DATASET CONTENT:
------------------------------------------------------------------------
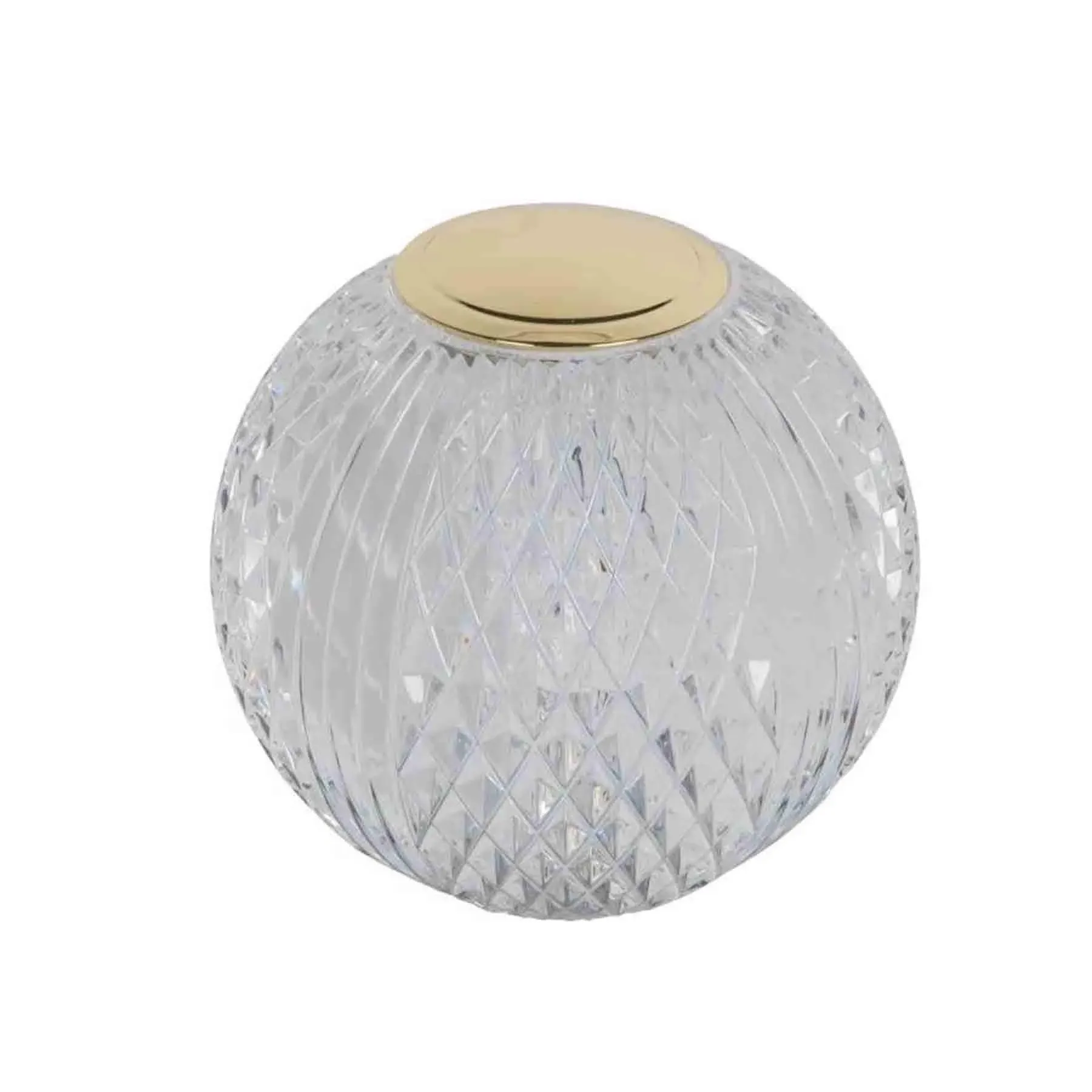 The Sueno Table Lamp combines frosted glass with a brass base for vintage appeal. Its intricate round grooves in the glass enhance the textural interest, while the compact design suits dining tables and shelves. The cord-mounted switch provides easy operation, and the refined construction fits both modern and classic interiors. W13 cm.
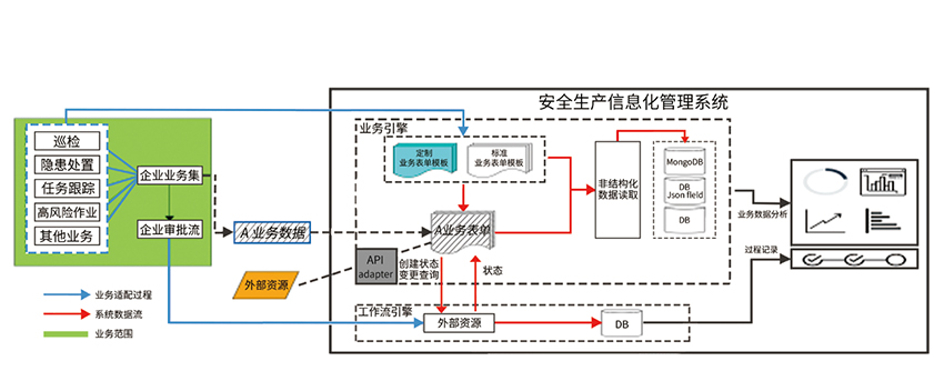 系统规划包括定制化表单引擎、工作流引擎、消息队列和数据持久化模块、BI商业智能对接模块组成,其中表单引擎和工作流引擎承担了主要业务功能。包含功能模块和支持业务包括:人员管理、培训和资质管理、巡检管理、隐患处理、任务跟踪、高风险作业管理、物资管理、应急管理、预警管理。
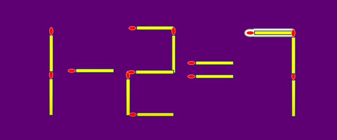 Mută un singur băț de chibrit pentru a corecta 1-2=7
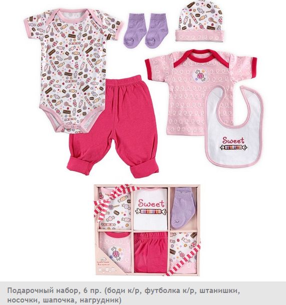 Подарочный набор от Luvable Friends включает шесть основных предметов гардероба новорождённого: боди к/р, футболка к/р, штанишки, шапочка, носочки, нагрудник. Комплект поставляется в красивой подарочной упаковке с ленточкой.
------------------------------------------------------------------------
TASK STATEMENT:
The listing above must be printed again exactly, minus its pictures.

ANSWER TO THIS TASK:
 The Sueno Table Lamp combines frosted glass with a brass base for vintage appeal. Its intricate round grooves in the glass enhance the textural interest, while the compact design suits dining tables and shelves. The cord-mounted switch provides easy operation, and the refined construction fits both modern and classic interiors. W13 cm.
 系统规划包括定制化表单引擎、工作流引擎、消息队列和数据持久化模块、BI商业智能对接模块组成,其中表单引擎和工作流引擎承担了主要业务功能。包含功能模块和支持业务包括:人员管理、培训和资质管理、巡检管理、隐患处理、任务跟踪、高风险作业管理、物资管理、应急管理、预警管理。
 Mută un singur băț de chibrit pentru a corecta 1-2=7
 Подарочный набор от Luvable Friends включает шесть основных предметов гардероба новорождённого: боди к/р, футболка к/р, штанишки, шапочка, носочки, нагрудник. Комплект поставляется в красивой подарочной упаковке с ленточкой.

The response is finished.